I have been following this discussion for a long time, and coincidentally I recently started working on a project that could make use of assignment overloading. (As an aside it is a configuration system for a astronomical data analysis pipeline that makes heavy use of descriptors to work around historical decisions and backward compatibility). Our system makes use of nested chains of objects and descriptors and proxy object to manage where state is actually stored. The whole system could collapse down nicely if there were assignment overloading. However, this works OK most of the time, but sometimes at the end of the chain things can become quite complicated. I was new to this code base and tasked with making some additions to it, and wished for an assignment operator, but knew the data binding model of python was incompatible from p.

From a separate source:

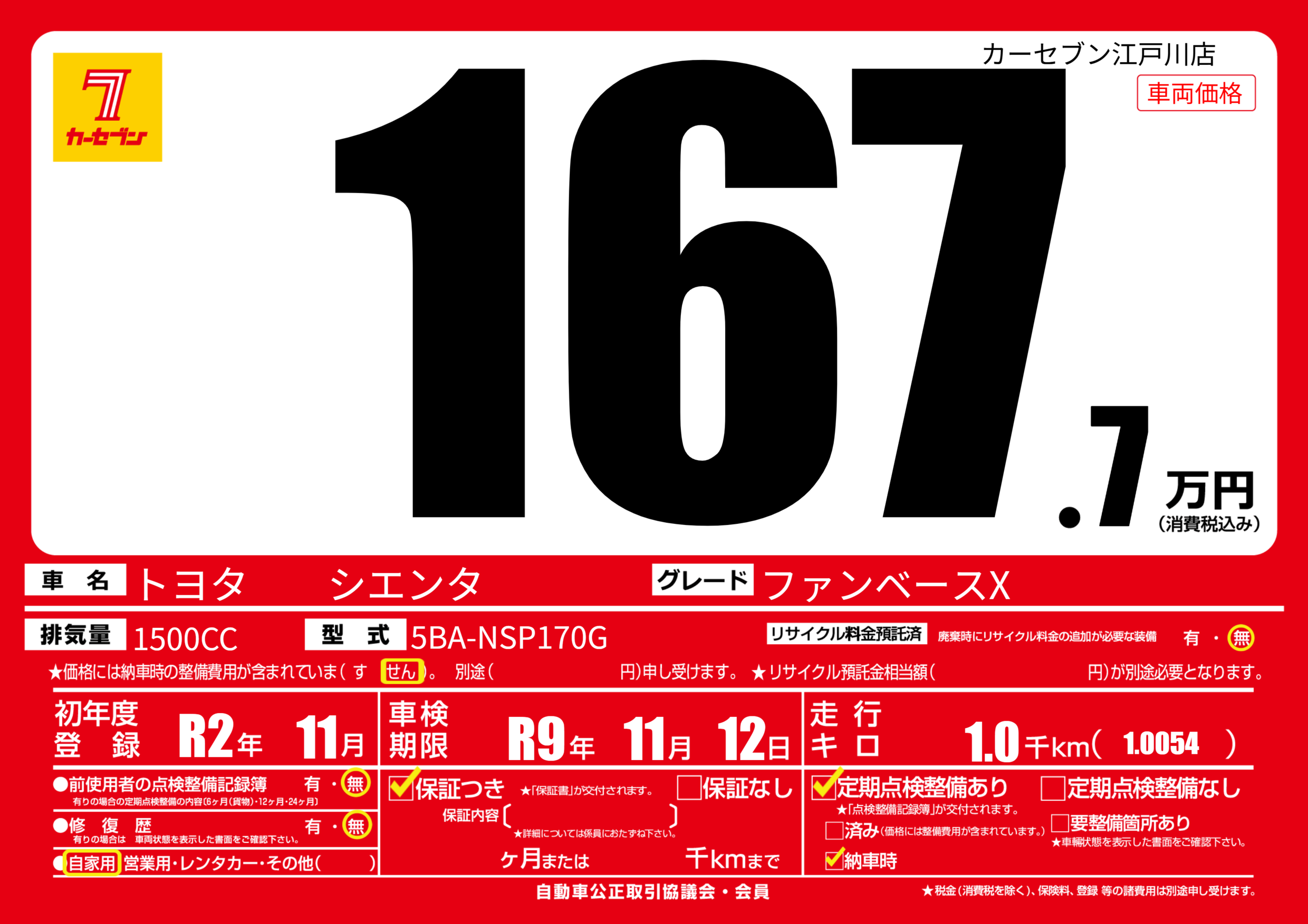 | 車名 | トヨタ シエンタ | グレード ミッション 排気量 |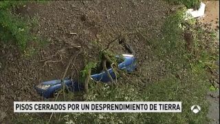 Los vecinos de estos pisos se han llevado un buen susto cuando la ladera se les ha venido encima esta madrugada. No se descarta que pueda haber más derrumbes en la zona tras las fuertes lluvias de los últimos días.

This got me thinking. I didnt actually need to overload assignment per-say, data binding could stay just how it was, but if there was a magic method that worked similar to how __get__ works for descriptors but would be called on any variable lookup (if the method was defined) it would allow for something akin to assignment. For example:
class Foo:
def __init__(self):
self.value = 6
self.myself = weakref.ref(self)
def important_work(self):
print(self.value)
def __get_self__(self):
return self.myself
def __setattr__(self, name, value):
self.value = value
foo = Foo() # Create an instance
foo # The interpreter would return foo.myself
foo.value # The interpreter would return foo.myself.value
foo = 19 # The interpreter would run foo.myself = 6 which would invoke foo.__setattr__('myself', 19)
I am being naive is some way I am sure, possibly to how the interpreter could be made to do this chaining, but I figured I would weight in in case this message could spark some thought.